”Sekolah sejatinya juga mempunyai potensi dalam membangun sikap dan karakter peserta didik, pendidik dan tenaga kependidikan untuk menyemai nilai-nilai luhur bangsa Indonesia,” pungkas Mantan Kapolri tersebut.
Sementara itu, Menteri Agama Yaqut Cholil Qoumas mengatakan polemik seragam sekolah di Padang adalah fenomena gunung es. Dia meyakini kondisi serupa juga terjadi di daerah-daerah lainnya. Dia menegaskan bahwa agama itu mengajarkan kedamaian, saling menghormati, dan menghargai.

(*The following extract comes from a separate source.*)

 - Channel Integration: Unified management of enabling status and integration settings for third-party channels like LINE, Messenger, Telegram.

Dia menjelaskan SKB tersebut diterbikan agar semua pihak mendorong titik persamaan diantara perbedaan yang dimiliki. ’’Tentunya dengan cara bukan dengan memaksakan supaya sama,’’ katanya.

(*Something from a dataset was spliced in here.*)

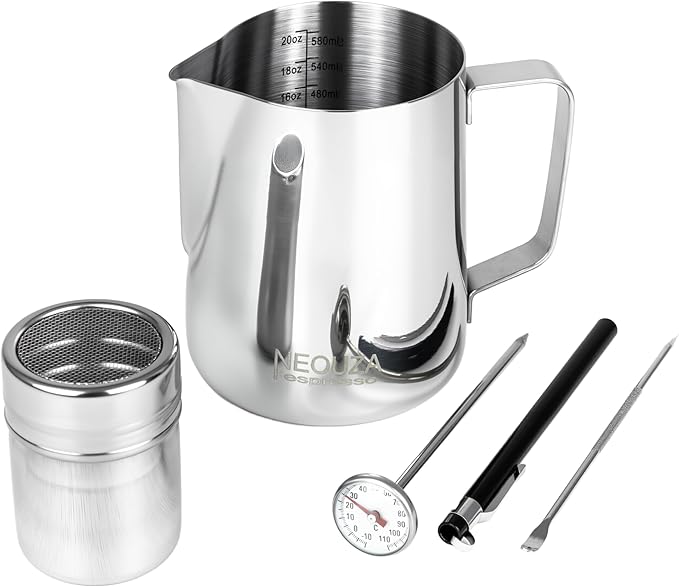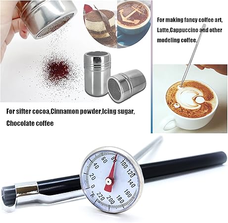 Kahve 350ml süt köpürtme sürahi fincan buharda sürahi+toz tankı, Latte sanat iğne ve termometre Espresso makinesi sandık makinesi için

Selain itu Yaqut menyampaikan bahsa masing-masing umat beragama harus memahami ajaran agamanya secara substantif. Bukan seskadar simbolik. Menurut dia memaksakan keyakinan keberagamaan kepada orang yang berbeda agama itu adalah cermin pemahaman keagamaan yang simbolik. Dia mengatakan Kemenag akan terus mendorong supaya umat beragama di Indonesia memahami ajaran agamanya secara substantif dan moderat.